9-L. But even assuming what the respondent No. 1 has stated is all correct that he received only the copy Ext. A-1 through the process server and that the other copy sent to him by the Court under registered cover was not actually received by him, it will not make any difference so far as the validity of the election petition is concerned. Once the petitioner had filed at least 10 copies of the petition duly attested in the manner provided in Section 81(3), he has complied with the requirements of law. If out of those copies one attested copy was retained on the record or the same was sent to respondent No. 1 under registered cover which he did not receive, the petitioner is not liable for it. The respondent No. 1 had admittedly received atleast one copy of the petition which is Ext. A-1. It has not been pointed out by the learned counsel for the respondent that it is not a correct copy or that this copy in any way handicapped him in drafting his written-statement. It was held by the Supreme Court in Murarka Radhey Shyam v. Roop Singh, (AIR 1964 SC 1545) that the word 'copy' in Sub-section (3) of Section 61 does not mean an absolutely exact copy, but means that the copy shall be so true that nobody can by any possibility misunderstand it. The same view was taken in another case Ch. Subbarao v. Member Election Tribunal. (AIR 1964 SC 1027).

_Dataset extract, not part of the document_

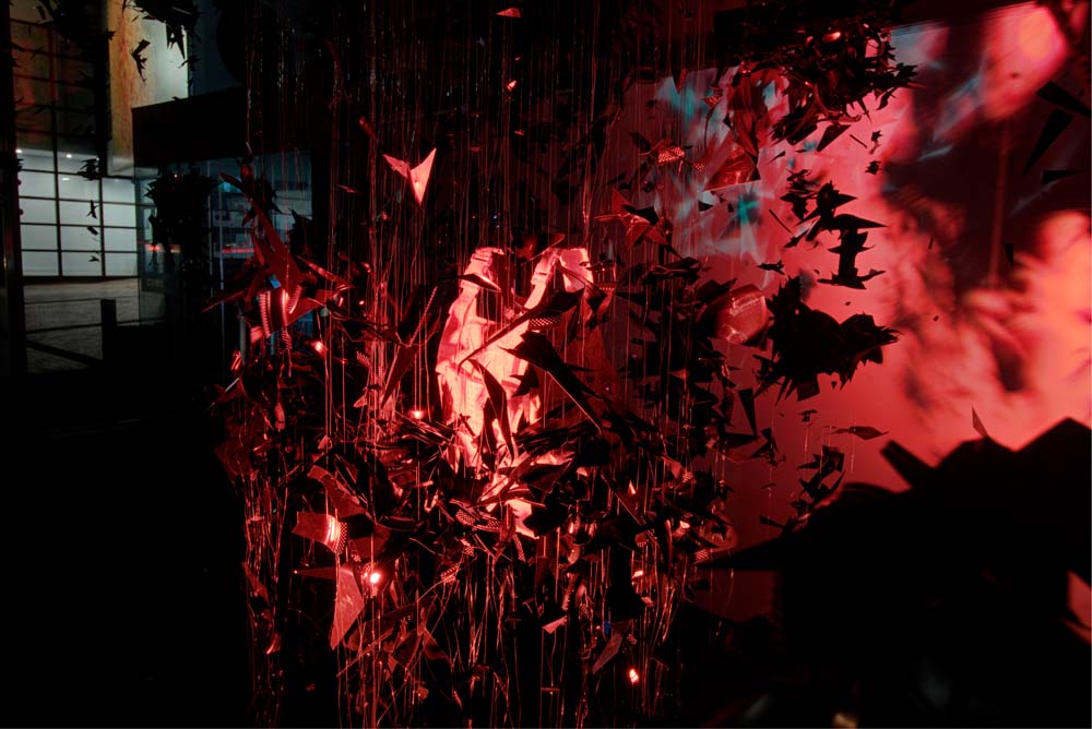 To address this concern, Nikky invited visitors into Cube 37 to experience a landscape of gunfire frozen in time. In the centre was a child-size bulletproof vest constructed from hundreds of love letters written by mothers in the local community to their children. This vest creates a force field of love while diverting a cloud of shrapnel.

9-M. Lastly, it was argued by the teamed counsel for the petitioner that even if it is assumed for arguments' sake that the copy Ext. A-1 is one of those ten copies which the petitioner was required under Section 81(3) to file alone with the election petition, this copy in itself also substantially satisfied the requirement of that provision. It bears the signature of the petitioner in original. The only defect in it, if it can be called a defect, is that it does not bear the words 'True Copy' above the signature of the petitioner. It was held by the Supreme Court in Dr. Anoop Singh v. Abdul Ghani. (AIR 1965 SC 815) following the decision in Ch. Subbarao v. Member. Election Tribunal. AIR 1964 SC 1027 (supra that as the signature in original was there in the copy the presence of such original signature in the copy was sufficient to indicate that the copy was attested as a true copy even though the words 'true copy' were not written above the signature in the copies. It was held to be substantial compliance with Section 81(3). So from whatever point of view the matter may be looked at the election petition does not, in my opinion, suffer from any non-compliance with the provisions of Section 81(3). The issue is decided against the respondent No. 1.